Jane Muncke (Food Packaging Forum Foundation) gave a perspective from the food packaging industry on the future of the circular economy. Food consumption makes up close to one third of all human-induced environmental impacts across the world. Part of this impact is due to waste from food packaging, and the industry is attempting to address these challenges while making sure that chemicals used in food packaging are not toxic. There are currently 8,000 chemicals regulated by the EU in food packaging materials, but Muncke said that monitoring all 8,000 chemicals and understanding how the manufacturing process impacts chemical composition remains a challenge.


Credit: , accessed from , .

Muncke highlighted the importance of food package recycling in order to achieve a complete circular economy but stressed that material recycling should not be done in a way that increases human contact with potentially hazardous chemicals. Proposed solutions include ensuring that food containers are recycled but then reused in a manner consistent with their original purpose, such as reusing cold food containers to hold cold food again and not hot food (where the heat could cause some of the chemicals to leech out).

Giorgia Faraca (Technical University of Denmark) talked about on finding safe ways to recycle and reuse wood products. The challenge in this area is the presence of impurities in wood, such as metals, plastics, and chemical additives including paints and oils. There are EU regulations in place to prevent contact with hazardous materials in recycled wood, but Faraca stated that these regulations also make it a challenge to ensure that high-quality wood materials can be reused instead of simply thrown away. Faraca and her team found that some chemical impurities could be removed completely before recycling. She commented that while some impurities may still occur in recycled wood materials, low enough levels ensure that the material could still be used safely by consumers.

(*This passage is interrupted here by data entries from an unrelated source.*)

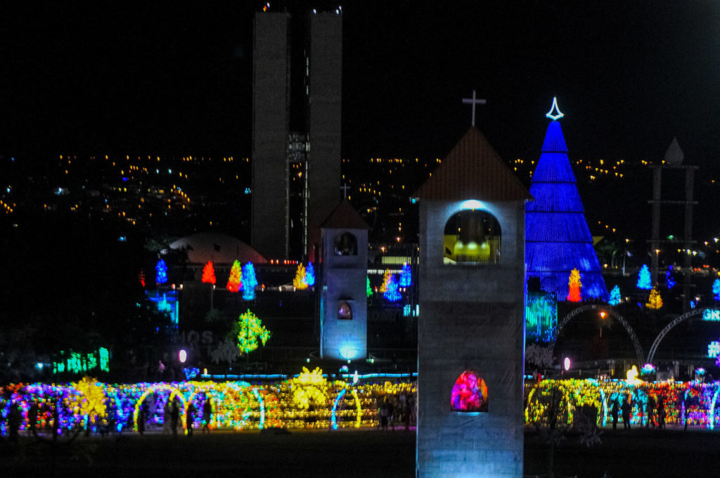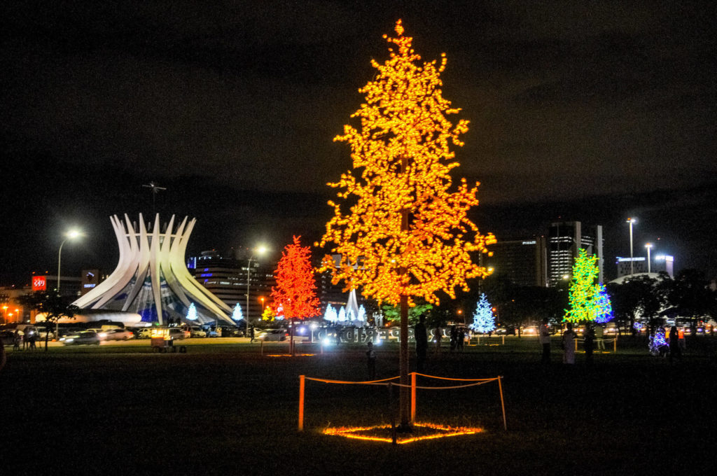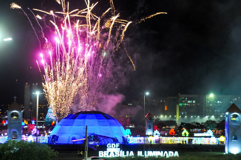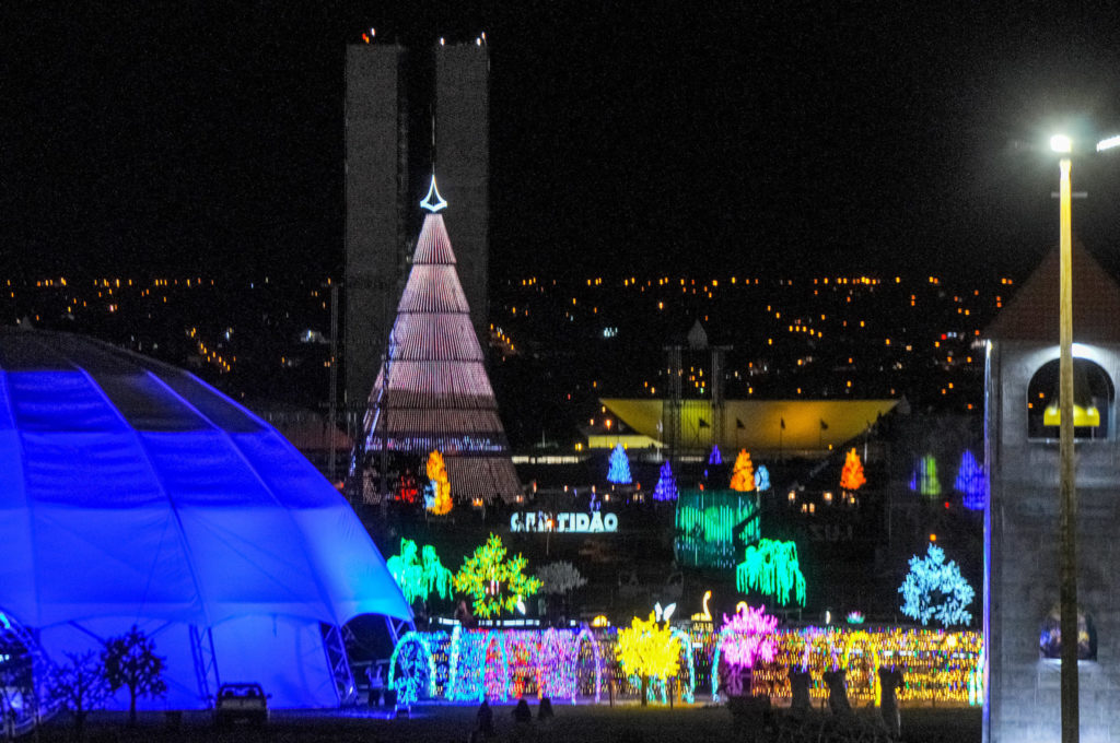 O espetáculo das luzes de Natal foi aberto nesta quarta-feira (22), no Eixo Monumental, região central de Brasília. A decoração luminosa que ocupa 415.770 metros quadrados foi acesa em cerimônia ao lado do Palácio do Buriti. É o projeto Brasília Iluminada que, em sua segunda edição, pode ser conferido por moradores do Distrito Federal e turistas até o dia 20 de janeiro.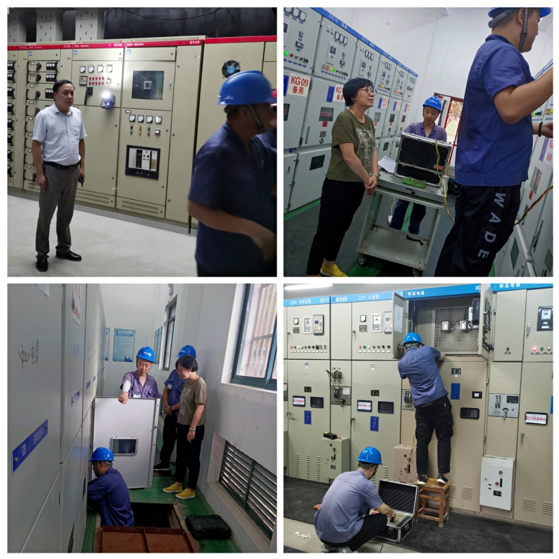 炎炎烈日,挥汗如雨,现场工作人员严格按照规范程序,认真开展预防性试验工作,截止8月11日,共完成1个开闭所、6个区域变配电房、7个箱变、62个楼栋配电间(配电柜)等设备试验及隐患消缺。在停电试验过程中,累计完成78台高压柜的绝缘电阻测试、工频耐压试验工作;完成30台高压断路器的绝缘电阻测试、回路电阻测试、机械特性及通断测试工作;完成39根高压电缆的绝缘电阻测试、直流耐压泄漏电流测试工作;完成20台变压器的绝缘电阻测试、直流电阻测试、交流耐压测试工作;完成42台继电保护装置速断及过流测试工作。同时,对各高、低压电气设备内的积尘、蛛网进行了集中清理,并对电气设备内的各部位连接螺栓进行了全面检查,对70余处松动的螺栓加以紧固,更换各配电柜内锈蚀螺杆150余套。通过此次预防性试验,有效保护了变压器及线路安全运行,最大限度消除安全隐、避免电气安全事故发生。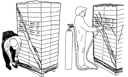 Untuk suatu pallet: Satu muatan palet produk seperti stroberi dapat di tutup dengan 5 milkantong plastik polyethylene dan helai atau lembar plastik pada dasar pallet menggunakan pita perekat lebar. Selanjutnya, kemasan dibuat vakum dan dan dimasukkan sedikti CO2 15% melalui selang kecil.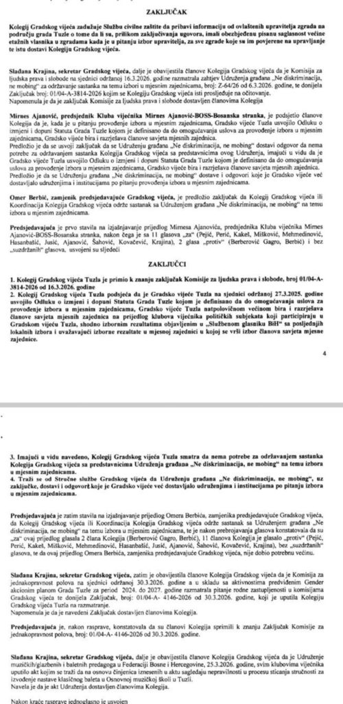 Na sjednici Kolegija Gradskog vijeća Tuzla održanoj 20. aprila 2026. godine razmatran je zahtjev Udruženja „Ne diskriminacija – ne mobing“ Tuzla za održavanje sastanka na temu izbora u mjesnim zajednicama. Međutim, način na koji je ovaj zahtjev tretiran otvara više pitanja nego što daje odgovora.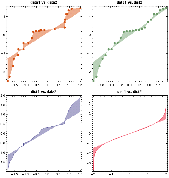 Grid[Partition[ MapThread[ QuantilePlot[# /. HoldForm -> Identity, #2 /. HoldForm -> Identity, ImageSize -> 275, ImagePadding -> {{20, 5}, {20, 5}}, AspectRatio -> 1, PlotStyle -> Directive[PointSize[Large], #3], Filling -> {2 -> {1}}, FillingStyle -> Directive[Thick, Lighter[#3, 0.5]], ReferenceLineStyle -> Directive[Dotted, Thick, Lighter[#3, 0.5]], PlotLabel -> Row[{#, " vs. ", #2}], LabelStyle -> Bold, BaseStyle -> {FontFamily -> "Helvetica"}] &, {{HoldForm[data1], HoldForm[data1], HoldForm[dist1], HoldForm[dist1]}, {HoldForm[data2], HoldForm[dist2], HoldForm[data2], HoldForm[dist2]}, ColorData[35] /@ {1, 5, 7, 9}}], 2]]

Arthur Haarman from EMPA Technology and Society Lab discussed work on electronic waste. Electronic waste (e-waste) is a fast-growing waste stream in the developing world that includes materials such as used computers and television sets. This waste stream is attractive to recyclers because it contains valuable minerals like copper. However, this waste stream also includes highly toxic materials such as flame retardants and heavy metals. Haarman said that of the 42 million tons of e-waste generated in 2014, only 15% of materials entered a formal and proper recycling and waste treatment process. Haarman then discussed e-waste in India, where informal regulations and cultural perspectives can lead to unsafe handling of hazardous materials. There are ways for recyclers in India to handle plastic contaminated with toxic chemicals, but Haarman reported that the initiatives for recyclers to undergo additional separation steps are not working. Haarman and his group studied the trends of e-waste recycling in India and developed a strategy, coupled with easy-to-use testing methods, that provides greater incentives for removing toxic chemicals from e-waste.

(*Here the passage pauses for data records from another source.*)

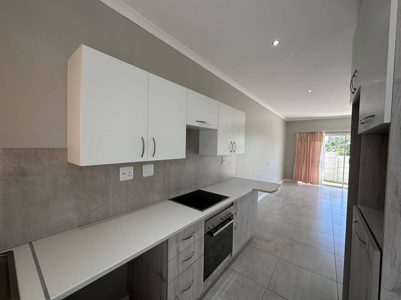 Spacious, bright and sunny, open plan lounge with a sliding door to a small garden. A well fitted kitchen with a built in oven and glass top hob and plumbing for a washing machine. The two bedrooms both have fitted cupboards. A lovely bathroom with a walk in shower, toilet, basin set in a vanity. The unit is fitted with an energy efficient solar geyzer.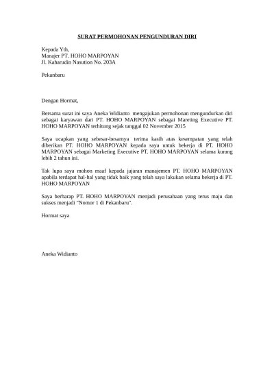Surat Pengunduran Diri Doc / Doc Surat Pengunduran Diri Fiza Moch Hasan Academia Edu / Contoh surat pengunduran diri atau resign.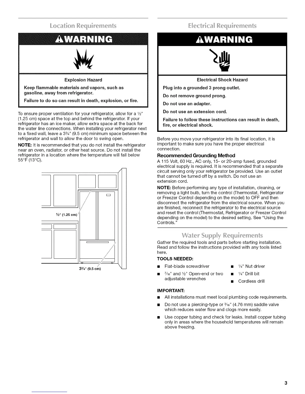 (1.25 cm) space at the top and behind the refrigerator. If your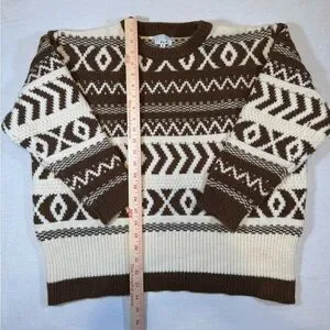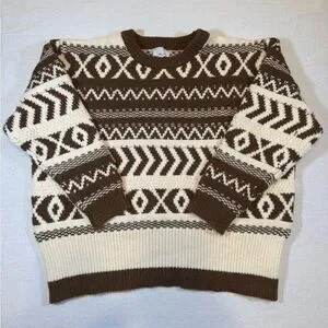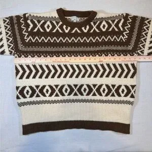 NWT Olio Women's Brown and Cream Patterned Sweater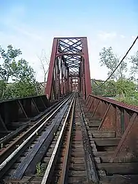 The Providence and Worcester Railroad Bridge is a swing truss bridge crossing the Connecticut River and Route 9 in Middletown, Connecticut, just south of the Arrigoni Bridge. It carried the New York and Boston Air Line Railroad over the river to Portland, Connecticut, and continues to serve Providence & Worcester Railroad customers in Portland. Since the bridge is usually left open, it may appear inactive. However, trains regularly cross the river carrying paper products and demolition debris. In 2017, a train that had just crossed the bridge derailed on the Middletown side near Johnson Street; no injuries were reported.[2]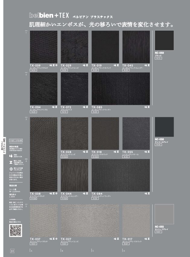 条件付き送料無料【粘着剤付き不燃認定化粧シート 】タキロンシーアイ ベルビアン プラステックスシリーズ TX-029 カーボンブラックエンズ 1m以上10cm単位で販売(1巻きあたり最長51mまで)
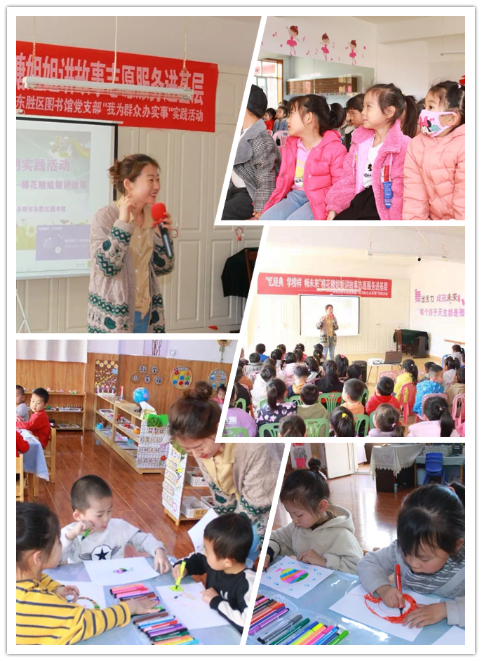 “忆经典 学榜样 畅未来”棉花糖姐姐讲故事志愿服务进基层--东胜区图书馆党支部“我为群众办实事”实践活动4月16日走进东胜区旭禾幼儿园.
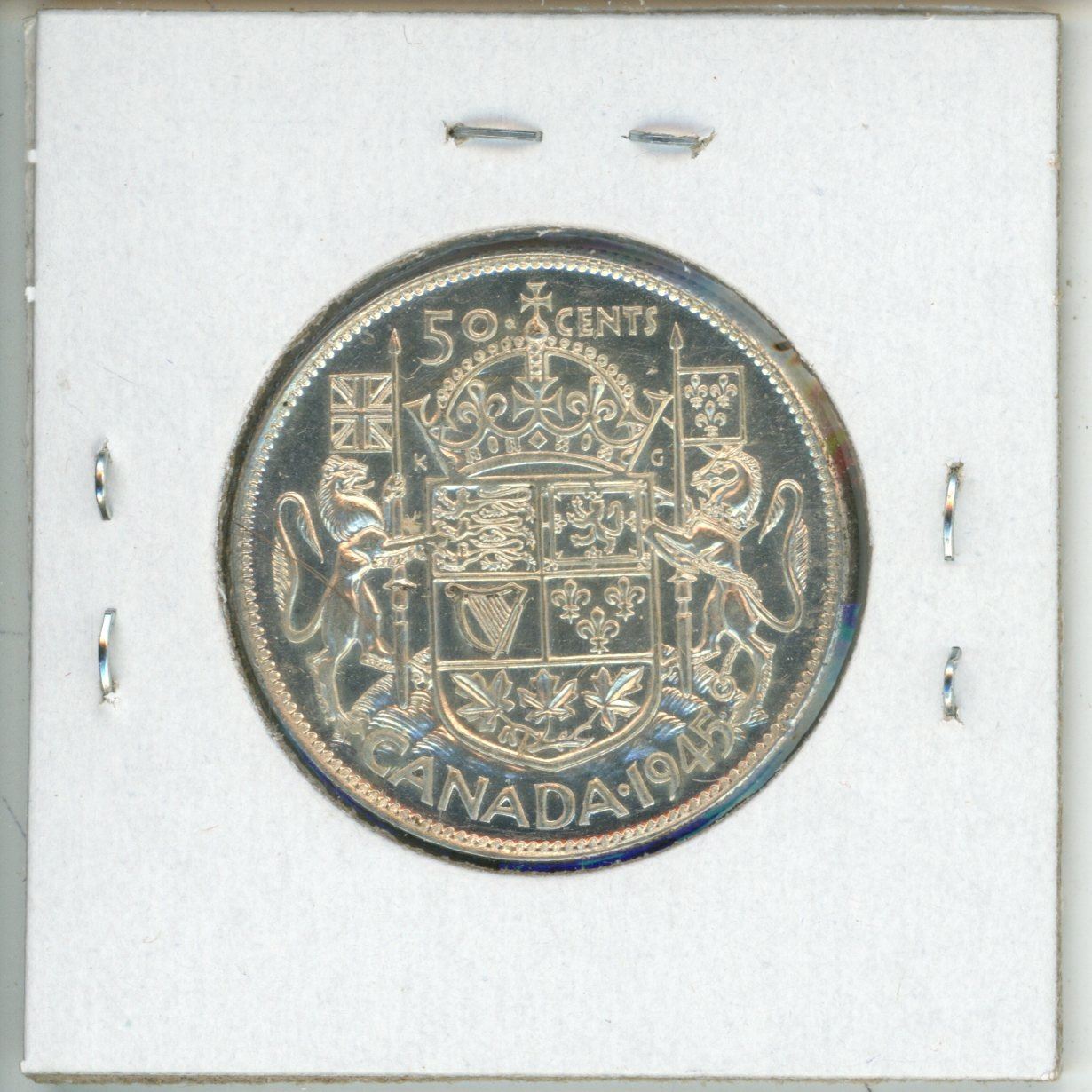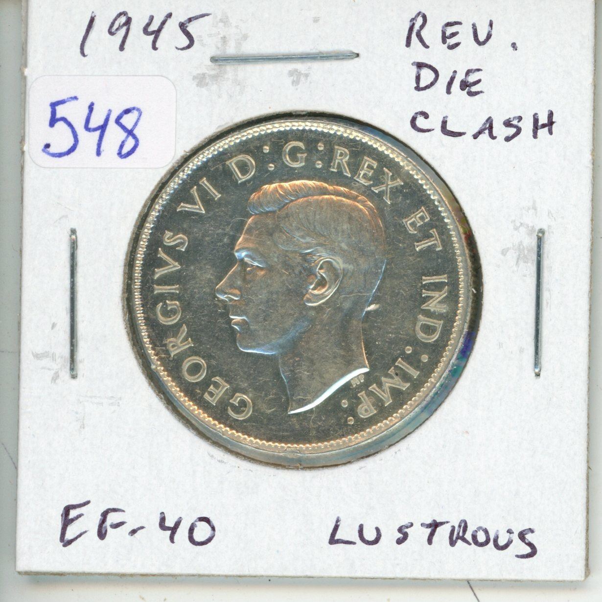 1945 Reverse Die Clash Silver 50 Cents. Part of the king’s head visible on the Reverse. EF-40. Lustrous.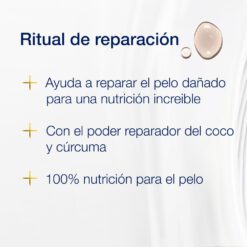 - Restauración Profunda con Coco y Cúrcuma: Enriquecido con aceite de coco, conocido por sus propiedades hidratantes y penetrantes, y cúrcuma, un ingrediente célebre por su capacidad para fortalecer y revitalizar. Juntos, trabajan para reparar el daño acumulado desde el primer uso.

E-waste recycling. Credit: Floyd Wilde, CC BY-SA 2.0.

New advances in LCA

Caroline Catalan (I Care & Consult) presented new LCA methods for measuring a product’s impacts on biodiversity. Once finalized, this new LCA method will be able to measure how different versions of a product relate to measures of ecological richness. This method will provide a way to calculate the total ecological footprint of a product, providing a new way for companies to use LCA to ensure that their products are sustainable. Catalan also hopes that the results of this project will provide a connection between ecologists and LCA researchers that is both scientifically and economically sound.


Wooden pallets. Credit: , .

Mathilde Vlieg (Evah Institute) discussed a case study aimed at calculating carbon credits from wood products. Vlieg emphasized the importance of accounting for carbon storage during LCA because of the ability for timber products to uptake carbon before harvest. This carbon remains stored if the materials are recycled, and carbon is released back into the environment if they are burned or allowed to decompose. Vlieg presented data from suppliers and manufacturers, with endpoints including forest age and fire history to calculate carbon sequestration. Long-term models developed for this LCA showed that up to 90% recovery of wood materials is possible even after 60 years of use. These results provide further support to the study of carbon sequestration potential of wood materials and their application in LCA.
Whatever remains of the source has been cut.